WHAT IS BEING ASKED - Everything from the line with "A core Workshop" to the end of the entries should be set down exactly, except the pictures.

*** EXTRACTED ENTRIES Section Begins ***

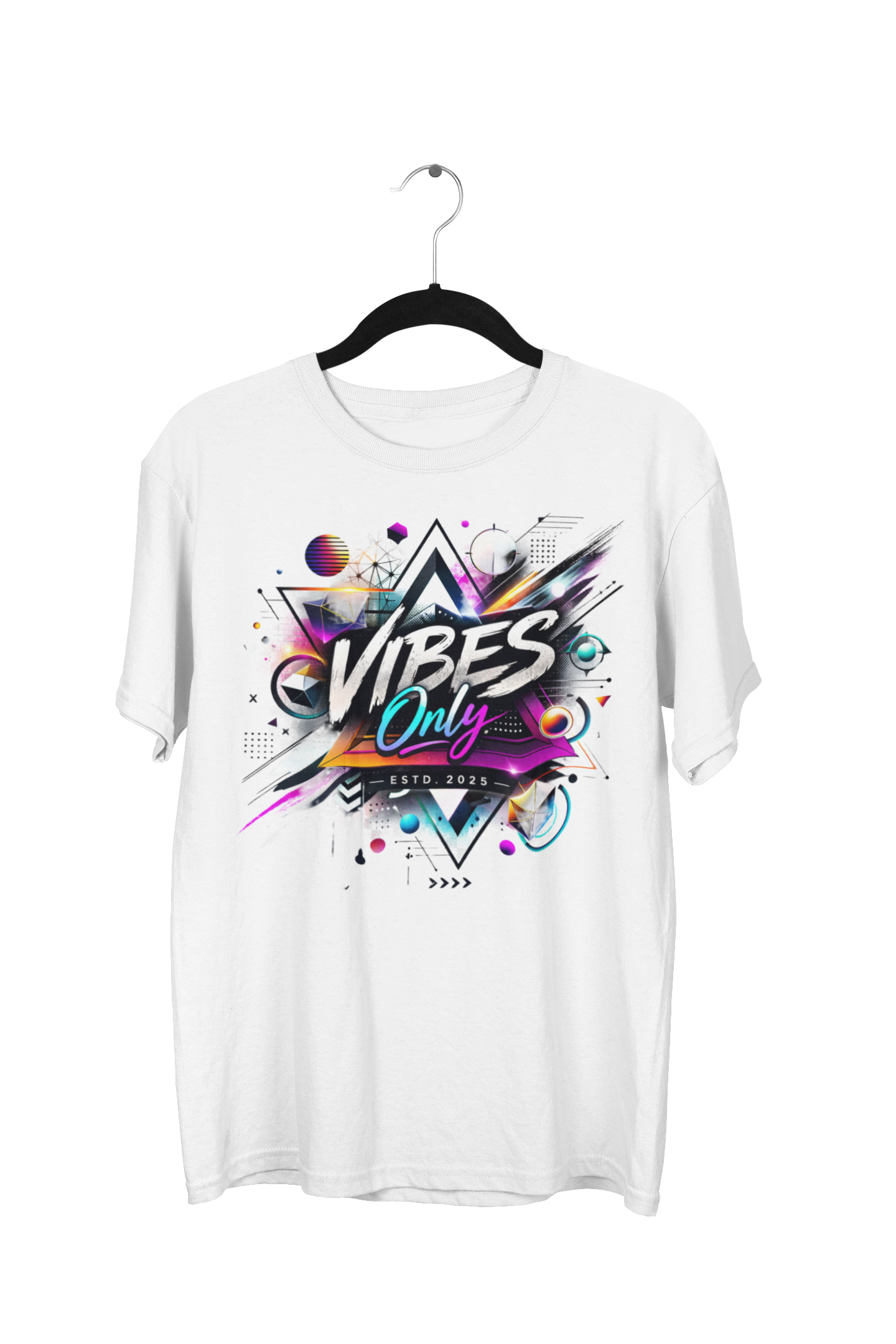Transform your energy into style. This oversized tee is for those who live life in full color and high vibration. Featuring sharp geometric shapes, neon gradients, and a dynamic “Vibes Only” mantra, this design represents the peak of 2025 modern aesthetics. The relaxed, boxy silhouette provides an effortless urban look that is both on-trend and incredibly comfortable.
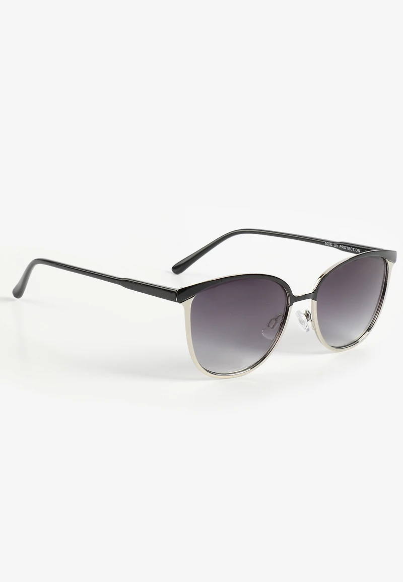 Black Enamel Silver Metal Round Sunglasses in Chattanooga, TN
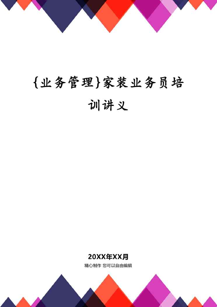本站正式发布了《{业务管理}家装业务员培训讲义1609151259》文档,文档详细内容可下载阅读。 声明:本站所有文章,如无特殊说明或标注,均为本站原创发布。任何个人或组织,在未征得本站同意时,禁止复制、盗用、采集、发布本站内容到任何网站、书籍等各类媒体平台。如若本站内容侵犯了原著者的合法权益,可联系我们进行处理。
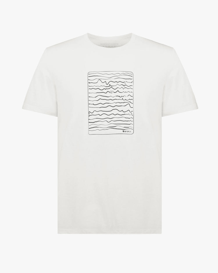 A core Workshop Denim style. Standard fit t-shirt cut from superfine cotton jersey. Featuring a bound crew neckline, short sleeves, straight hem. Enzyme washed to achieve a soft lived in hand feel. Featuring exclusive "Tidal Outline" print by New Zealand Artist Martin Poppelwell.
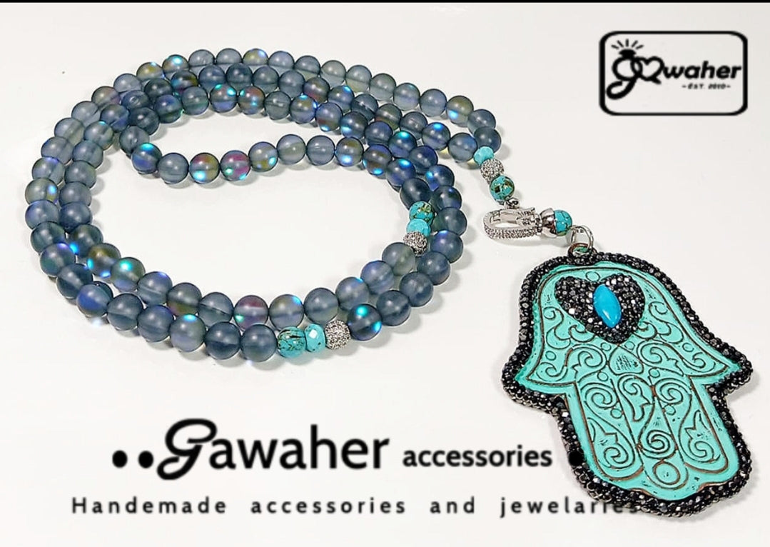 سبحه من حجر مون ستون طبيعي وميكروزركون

*** EXTRACTED ENTRIES Section Ends ***

WRITTEN SOLUTION -
 A core Workshop Denim style. Standard fit t-shirt cut from superfine cotton jersey. Featuring a bound crew neckline, short sleeves, straight hem. Enzyme washed to achieve a soft lived in hand feel. Featuring exclusive "Tidal Outline" print by New Zealand Artist Martin Poppelwell.
 سبحه من حجر مون ستون طبيعي وميكروزركون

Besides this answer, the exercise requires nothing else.